Михаил Пришвин - Том 3. Журавлиная родина. Календарь природы
– Это не поэзия.
– Что же это? – спросил я.
– Нет, – поправился Блок, – это поэзия, но и еще что-то.
– Что?
– Не знаю.
Теперь я понимаю, что в этой книге «таинственная сила» выделилась определенно как поэтическая, а другая часть ее оставалась, скажу, в смешанном состоянии и не поддавалась определению поэта.
Это было время борьбы с натуралистическим и гражданским направлением литературы, умиравшим в «Русском богатстве». Поэтическое «Я» разрозненно выбивалось из обветшалых форм, прислоняясь к ницшеанскому сверхчеловеку, очищалось, утончалось, пока, наконец, не заключило себя в формулу: Я – бог. То было величайшее дерзновение, подобное прыжку со скалы, в чаянии полета без крыльев с помощью одной только веры в себя. Трагедия автора сверхчеловека общеизвестна… Вслед за первым поэтом, посмевшим объявить себя богом, появилось бесчисленное множество богов. Все было похоже, как если бы Заратустра пришел в тропический лес, разостлал бы холст, накатал бы его на себя, как делают ловцы обезьян, потом опять раскатал бы холст и удалился. После того обезьяны, как это известно, подражая человеку, закатываются в холст, и в таком виде их ловят.
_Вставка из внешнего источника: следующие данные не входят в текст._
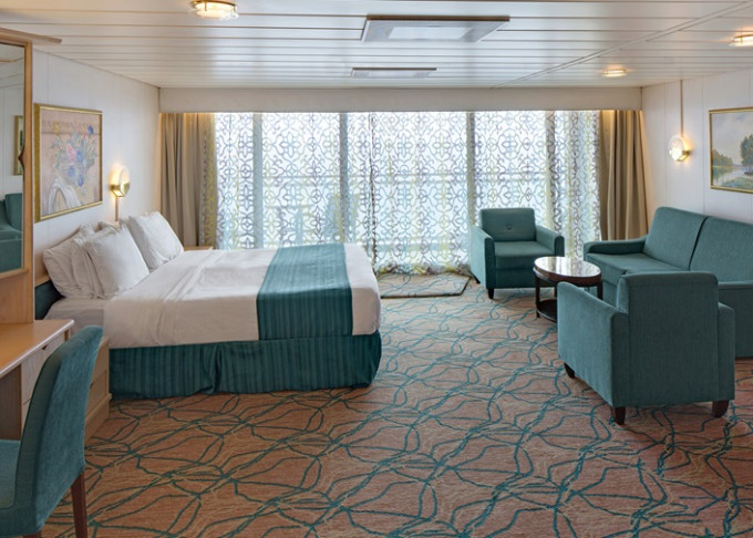 | VO - Ocean View Suite (bez balkonu) / 2 ložnice 49 m². Panoramatické neotevíratelné okna. 8. paluba. Max 8 osob. | 92 577 Kč 92 577 Kč za osobu | ||
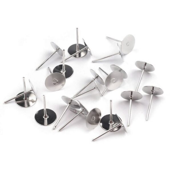 Polished Silver-Tone Earring Stud Posts – Flat Pad Glue-on Bases for DIY Jewelry & Crafting (8mm)
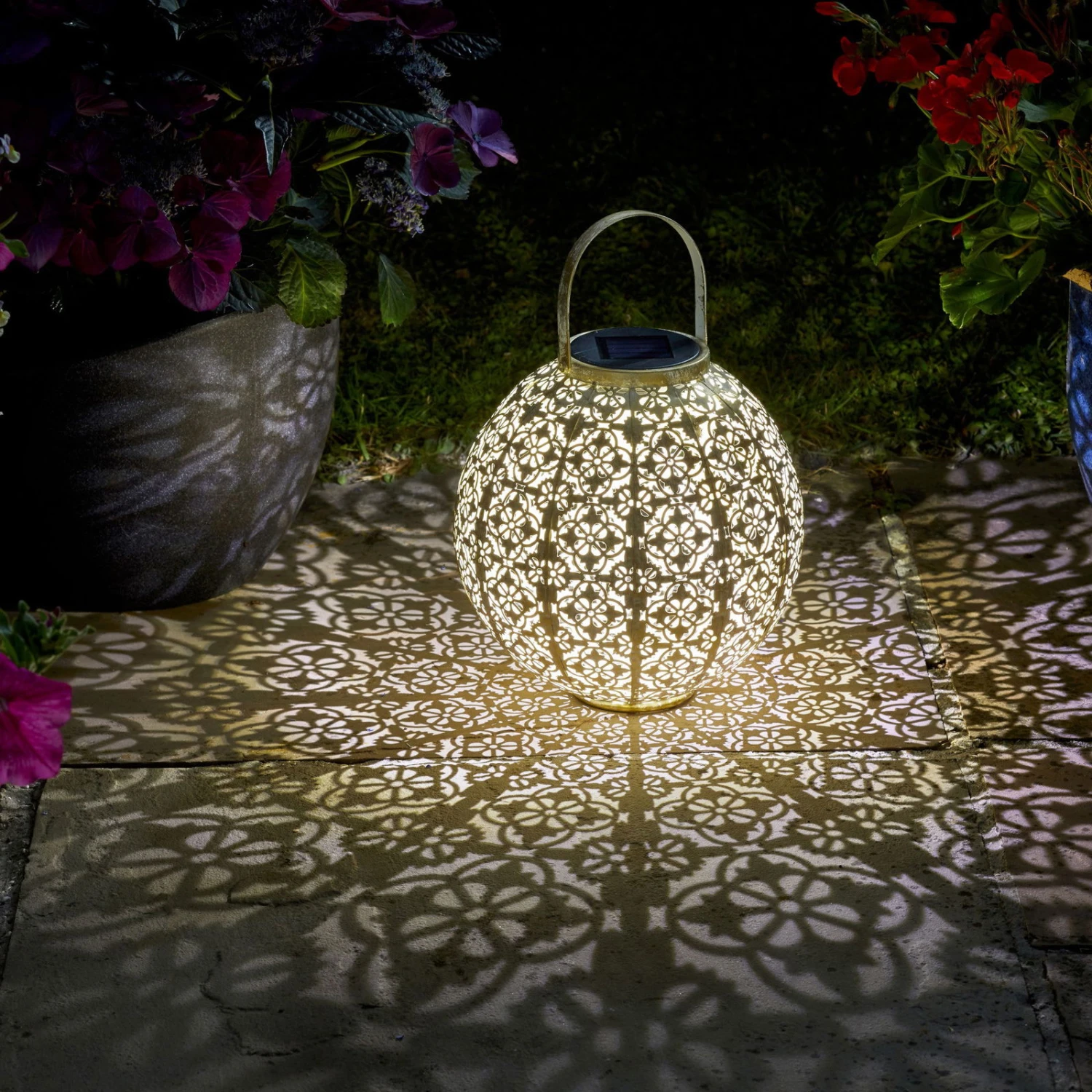 Solarlaterne Damast, Creme, 23,5 X 22,5 Cm

Множество поэтов закаталось в богов и в таком смешном виде были изловлены. Тогда началась новая форма морально-эстетической болезни: богоискательство. Какой-то наивный, внушенный мне с детства страх божий не дал мне возможности проделать вполне серьезно опыты самообожествления и последующего богоискательства, но, конечно, все было так любопытно, что и я отдавал дань своему времени. Из этнографа я стал литератором с обязательством к словесной форме как таковой. Подражая богам, я тоже стал писать о себе, но в совершенно обратном направлении с декадентами: поскольку в этом «Я» было общего всему миру. На этом пути я так и остался, стараясь все больше и больше приблизиться к простоте своей первой книги.
Конечно, я не мог не заметить, что все эти сменяющие одна другую школы, философские и религиозные искания мало имели значения для творчества тех, кто потом в трудах своих должен был остаться для истории, – для них был это, самое большее, метод, для рядовых – догмат, но как бы там ни было, вожди, рядовые, метод, догмат, реклама, богема, в преддверии катастрофы государства все дружно боролись за освобождение слова из плена натурализма в специфической гражданственности. Это искусство было похоже на удивительное сплетение белоснежных лилий и золотистых кувшинок, прикрывающих иногда на болотах бездонные окнища.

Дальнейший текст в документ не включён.